A yoga studio built on a pay-what-you-can model turned its Sunday into a retail engine, bringing more than 40 women-owned businesses into the Niagara Arts and Cultural Center and giving Xochiyapa Yoga a way to reach people beyond the mat.
Women Mean Business ran May 3, 2026, from 10 a.m. to 2 p.m. at 1201 Pine Ave. in Niagara Falls, where community members browsed booths, supported local entrepreneurs and moved through a space better known for art, classes and cultural programming. Step Out Buffalo said more than 30 vendors were registered, while WIVB reported more than 40 women-owned businesses took part. The event was also tied to fundraising for Xochiyapa Yoga’s kids summer yoga camp, which made the marketplace more than a pop-up shopping stop.

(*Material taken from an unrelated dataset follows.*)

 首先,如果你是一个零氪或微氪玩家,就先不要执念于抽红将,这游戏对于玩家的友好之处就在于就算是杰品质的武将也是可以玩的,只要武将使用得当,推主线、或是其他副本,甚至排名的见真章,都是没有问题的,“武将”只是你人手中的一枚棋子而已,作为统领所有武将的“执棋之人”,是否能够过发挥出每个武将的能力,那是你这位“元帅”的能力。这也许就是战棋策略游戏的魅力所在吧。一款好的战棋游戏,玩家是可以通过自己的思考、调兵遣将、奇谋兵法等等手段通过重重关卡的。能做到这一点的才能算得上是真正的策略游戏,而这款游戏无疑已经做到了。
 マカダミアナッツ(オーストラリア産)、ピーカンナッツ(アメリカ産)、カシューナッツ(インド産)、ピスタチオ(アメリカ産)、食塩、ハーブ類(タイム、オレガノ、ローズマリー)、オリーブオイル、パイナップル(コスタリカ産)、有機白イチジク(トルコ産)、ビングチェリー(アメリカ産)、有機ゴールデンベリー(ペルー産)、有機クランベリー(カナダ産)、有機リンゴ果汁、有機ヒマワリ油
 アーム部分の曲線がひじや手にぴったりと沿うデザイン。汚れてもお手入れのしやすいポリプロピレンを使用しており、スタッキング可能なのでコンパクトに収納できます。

That matters because the event fit a broader survival strategy that smaller yoga operators have been leaning into for years: use the studio as a hub, not just a classroom. Xochiyapa Yoga is listed by the Niagara Arts and Cultural Center as a heart-centered studio rooted in tradition, healing and community care, with no contracts and a pay-what-you-can model. It offers adult classes for all levels, dedicated kids classes and a dog-friendly environment, all of which make the brand feel more like a neighborhood gathering place than a rigid fitness business.

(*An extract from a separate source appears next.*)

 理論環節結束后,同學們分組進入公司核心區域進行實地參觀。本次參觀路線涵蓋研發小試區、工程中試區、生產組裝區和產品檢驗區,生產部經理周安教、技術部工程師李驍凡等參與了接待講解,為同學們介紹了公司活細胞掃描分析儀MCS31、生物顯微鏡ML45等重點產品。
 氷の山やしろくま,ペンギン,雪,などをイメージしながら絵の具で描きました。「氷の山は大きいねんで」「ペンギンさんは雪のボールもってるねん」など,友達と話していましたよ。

Marisa Religa, who said she first fell in love with yoga after being introduced to hot yoga in 2008, later became a certified instructor for adults and children. That background helps explain why the studio’s outreach looks the way it does. A market built around women-owned businesses is a natural extension of a brand that already sells accessibility and community, and it gives the studio a reason to bring in people who may never have signed up for a class on their own.

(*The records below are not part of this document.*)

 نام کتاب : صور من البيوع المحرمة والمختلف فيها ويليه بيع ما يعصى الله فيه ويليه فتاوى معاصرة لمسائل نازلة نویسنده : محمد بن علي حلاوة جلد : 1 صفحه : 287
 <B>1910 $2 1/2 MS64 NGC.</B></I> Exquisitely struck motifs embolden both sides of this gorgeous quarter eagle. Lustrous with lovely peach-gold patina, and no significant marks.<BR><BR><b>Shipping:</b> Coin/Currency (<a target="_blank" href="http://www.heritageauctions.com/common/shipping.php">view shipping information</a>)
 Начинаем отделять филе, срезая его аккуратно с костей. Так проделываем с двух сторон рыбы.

The Niagara Arts and Cultural Center gives that strategy a bigger stage. The nonprofit 501(c)(3) says it houses more than 100 artists and exists to preserve its historic campus while offering arts and cultural experiences for Western New York residents and visitors. The building at 1201 Pine Ave. opened as Niagara Falls High School in 1924 before becoming the arts center, and that history gives events like Women Mean Business an established backdrop that can absorb both foot traffic and local commerce.
For yoga studios trying to stay relevant, that is the real takeaway. A vendor market does not replace classes, but it can deepen loyalty, widen visibility and create a second reason for people to walk through the door. In this case, Xochiyapa Yoga used one Sunday to do all three.